LightFM Dataset helper

a lightweight python package to help preparing Dataframes (csv ... ) for LightFM module for easy training Training

Install

simply install with the Python Package Index (PyPI)

pip install lightfm-dataset-helper

or manually from released wheel

Example

imports the module

from lightfm_dataset_helper.lightfm_dataset_helper import DatasetHelper

Preparing the Dataframe and the required info

loading csv files

# using pandas to load csv files
import pandas as pd

def read_csv(filename):
    return pd.read_csv(filename, sep=";", error_bad_lines=False, encoding="latin-1", low_memory=False)
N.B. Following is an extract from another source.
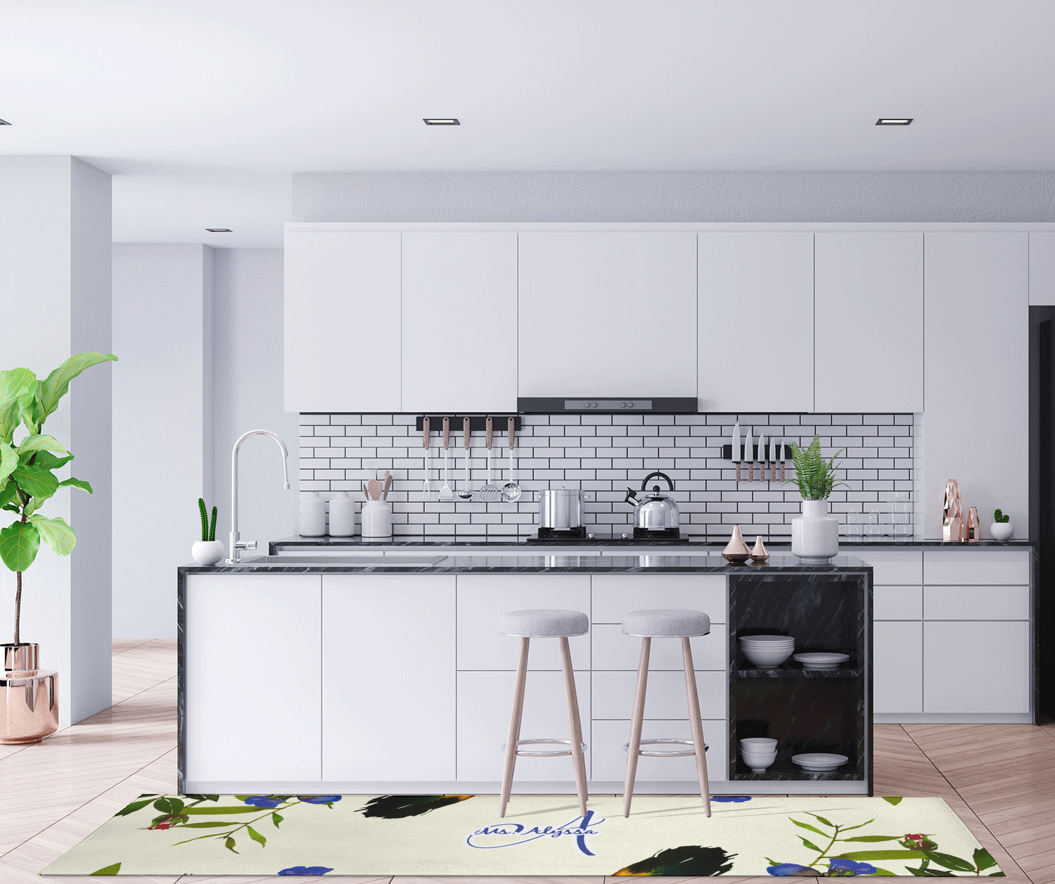 If you want to design it for your hallway - a vertical design is the perfect fit. If designing for to go in front of your kitchen island a horizontal design would suit you best! In our design system you can rotate the design either way to get the product you want.

books = read_csv("Data/BX-Books.csv")
users = read_csv("Data/BX-Users.csv")
ratings = read_csv("Data/BX-Book-Ratings.csv")

Columns Definitions

items_column = "ISBN"
user_column = "User-ID"
ratings_column = "Book-Rating"

items_feature_columns = [
    "Book-Title",
    "Book-Author",
    "Year-Of-Publication",
    "Publisher",
]

user_features_columns = ["Location", "Age"]

Optional* for testing on small amount of data (500)

# just cutting down the amount of data to 500 for less time (making sure no missing data will be passed )
Test_amount = 500
ratings = ratings[:Test_amount]
books = books[books[items_column].isin(ratings[items_column])]
users = users[users[user_column].isin(ratings[user_column])]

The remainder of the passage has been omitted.